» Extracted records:
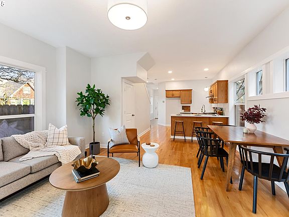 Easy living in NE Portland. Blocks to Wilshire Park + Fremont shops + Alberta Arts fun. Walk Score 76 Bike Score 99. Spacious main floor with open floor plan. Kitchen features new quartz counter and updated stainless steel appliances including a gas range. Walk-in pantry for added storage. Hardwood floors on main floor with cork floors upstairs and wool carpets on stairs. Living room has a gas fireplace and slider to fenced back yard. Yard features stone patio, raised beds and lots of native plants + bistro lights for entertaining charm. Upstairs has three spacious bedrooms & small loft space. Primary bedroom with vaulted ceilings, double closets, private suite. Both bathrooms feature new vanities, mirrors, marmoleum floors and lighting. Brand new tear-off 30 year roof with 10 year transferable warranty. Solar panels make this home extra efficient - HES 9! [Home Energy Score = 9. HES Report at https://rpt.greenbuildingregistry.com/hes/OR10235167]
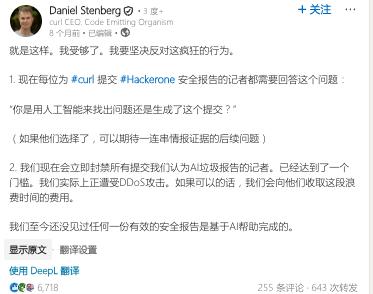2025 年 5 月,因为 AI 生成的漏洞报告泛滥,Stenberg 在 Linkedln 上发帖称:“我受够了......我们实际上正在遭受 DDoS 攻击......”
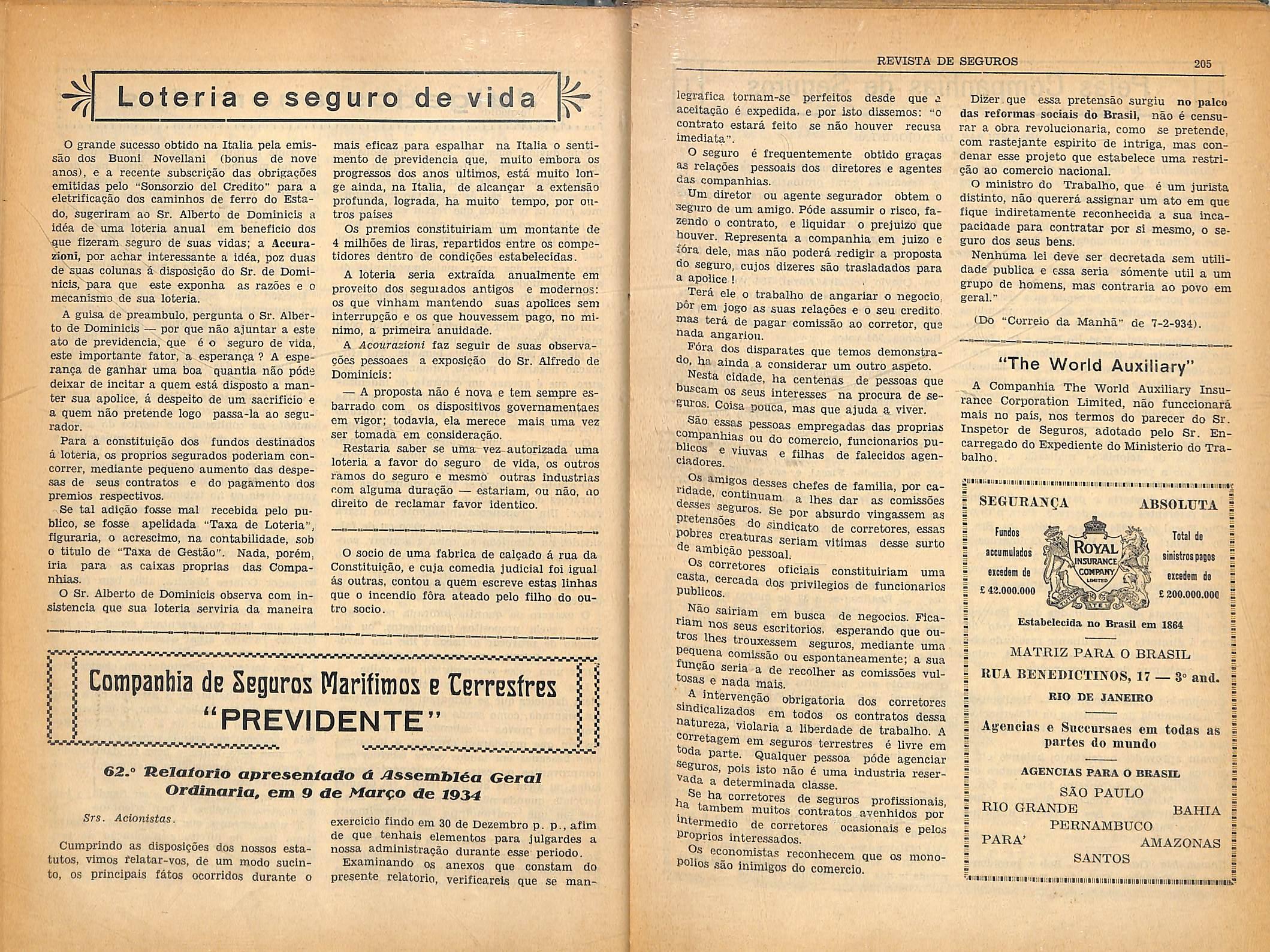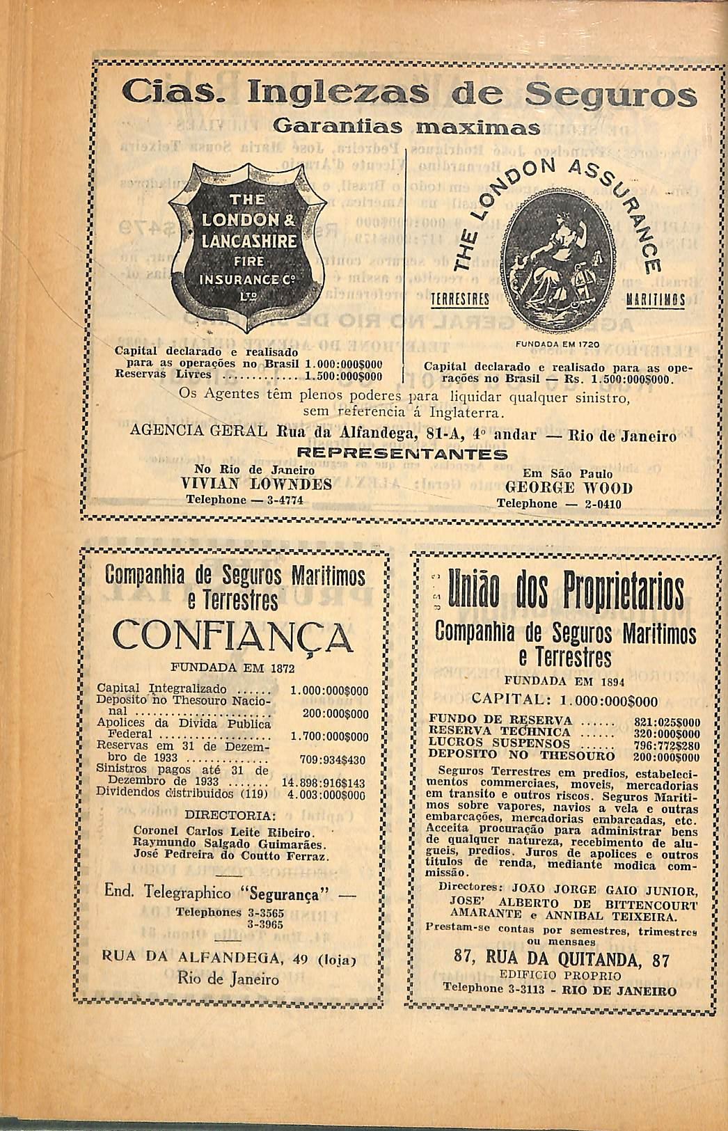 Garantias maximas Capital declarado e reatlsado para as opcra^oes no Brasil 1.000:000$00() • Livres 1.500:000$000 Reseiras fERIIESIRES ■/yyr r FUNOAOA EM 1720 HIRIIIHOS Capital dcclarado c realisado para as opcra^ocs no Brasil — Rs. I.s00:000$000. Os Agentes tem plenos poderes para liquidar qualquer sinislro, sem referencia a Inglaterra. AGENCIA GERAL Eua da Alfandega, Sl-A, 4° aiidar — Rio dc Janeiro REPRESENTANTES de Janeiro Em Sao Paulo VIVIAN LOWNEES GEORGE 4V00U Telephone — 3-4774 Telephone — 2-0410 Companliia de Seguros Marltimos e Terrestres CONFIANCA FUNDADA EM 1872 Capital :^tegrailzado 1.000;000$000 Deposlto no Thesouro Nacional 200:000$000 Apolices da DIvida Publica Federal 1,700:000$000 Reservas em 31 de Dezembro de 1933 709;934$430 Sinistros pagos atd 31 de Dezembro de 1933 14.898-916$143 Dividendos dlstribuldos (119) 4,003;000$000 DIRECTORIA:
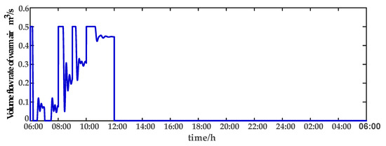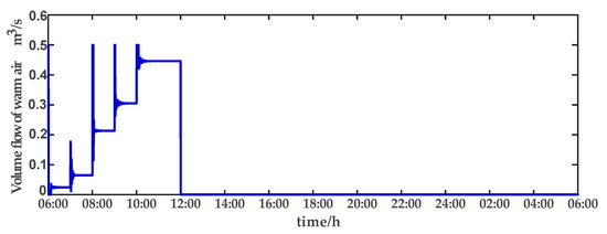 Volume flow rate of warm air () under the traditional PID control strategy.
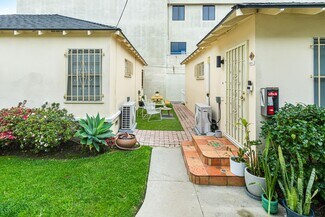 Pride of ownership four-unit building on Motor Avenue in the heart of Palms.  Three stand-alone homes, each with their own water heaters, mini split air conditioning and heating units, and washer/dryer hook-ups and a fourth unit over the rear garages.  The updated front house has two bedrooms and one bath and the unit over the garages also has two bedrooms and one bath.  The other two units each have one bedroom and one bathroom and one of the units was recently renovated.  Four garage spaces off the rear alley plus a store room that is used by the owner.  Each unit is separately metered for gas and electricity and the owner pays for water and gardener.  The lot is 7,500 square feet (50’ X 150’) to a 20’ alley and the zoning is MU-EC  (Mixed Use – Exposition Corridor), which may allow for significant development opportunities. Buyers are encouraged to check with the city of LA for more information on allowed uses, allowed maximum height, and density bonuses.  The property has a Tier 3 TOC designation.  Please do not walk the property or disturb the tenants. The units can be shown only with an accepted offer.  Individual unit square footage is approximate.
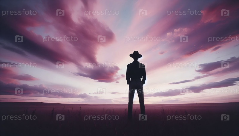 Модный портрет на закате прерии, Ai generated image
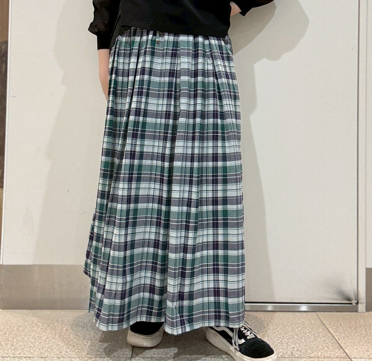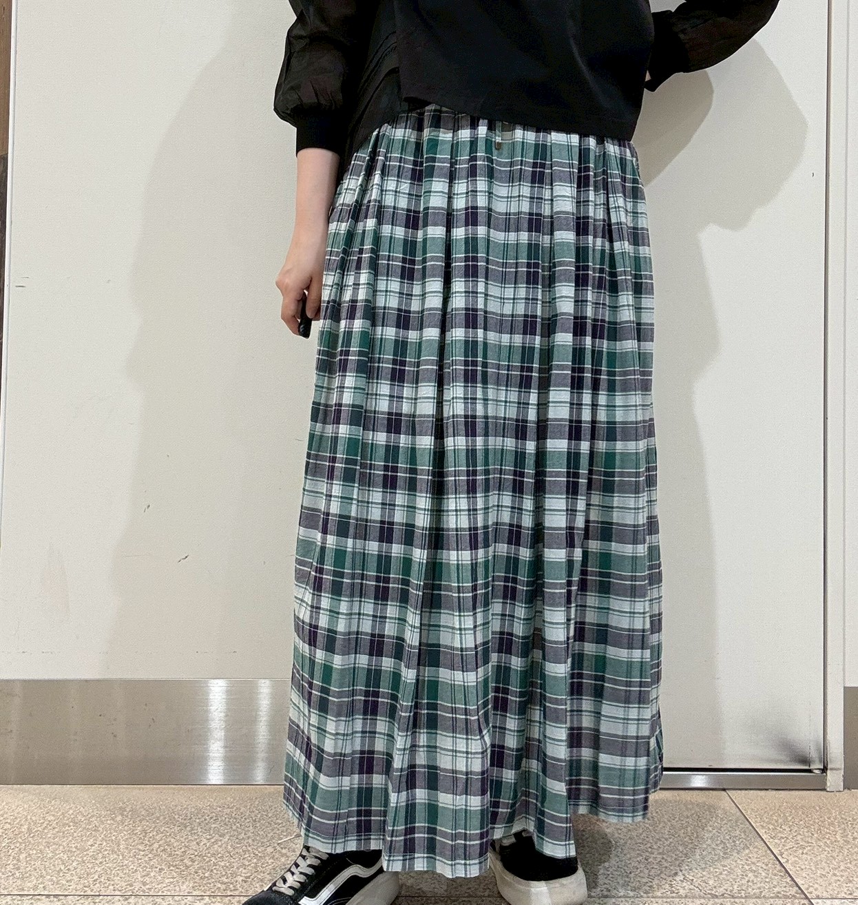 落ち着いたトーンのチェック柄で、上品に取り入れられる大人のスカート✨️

» Brief:
Return exactly the line containing "Pride of ownership" and every line after it, up to and including the final line of the entries above. Pictures stay out.

» Answer:
 Pride of ownership four-unit building on Motor Avenue in the heart of Palms.  Three stand-alone homes, each with their own water heaters, mini split air conditioning and heating units, and washer/dryer hook-ups and a fourth unit over the rear garages.  The updated front house has two bedrooms and one bath and the unit over the garages also has two bedrooms and one bath.  The other two units each have one bedroom and one bathroom and one of the units was recently renovated.  Four garage spaces off the rear alley plus a store room that is used by the owner.  Each unit is separately metered for gas and electricity and the owner pays for water and gardener.  The lot is 7,500 square feet (50’ X 150’) to a 20’ alley and the zoning is MU-EC  (Mixed Use – Exposition Corridor), which may allow for significant development opportunities. Buyers are encouraged to check with the city of LA for more information on allowed uses, allowed maximum height, and density bonuses.  The property has a Tier 3 TOC designation.  Please do not walk the property or disturb the tenants. The units can be shown only with an accepted offer.  Individual unit square footage is approximate.
 Модный портрет на закате прерии, Ai generated image
 落ち着いたトーンのチェック柄で、上品に取り入れられる大人のスカート✨️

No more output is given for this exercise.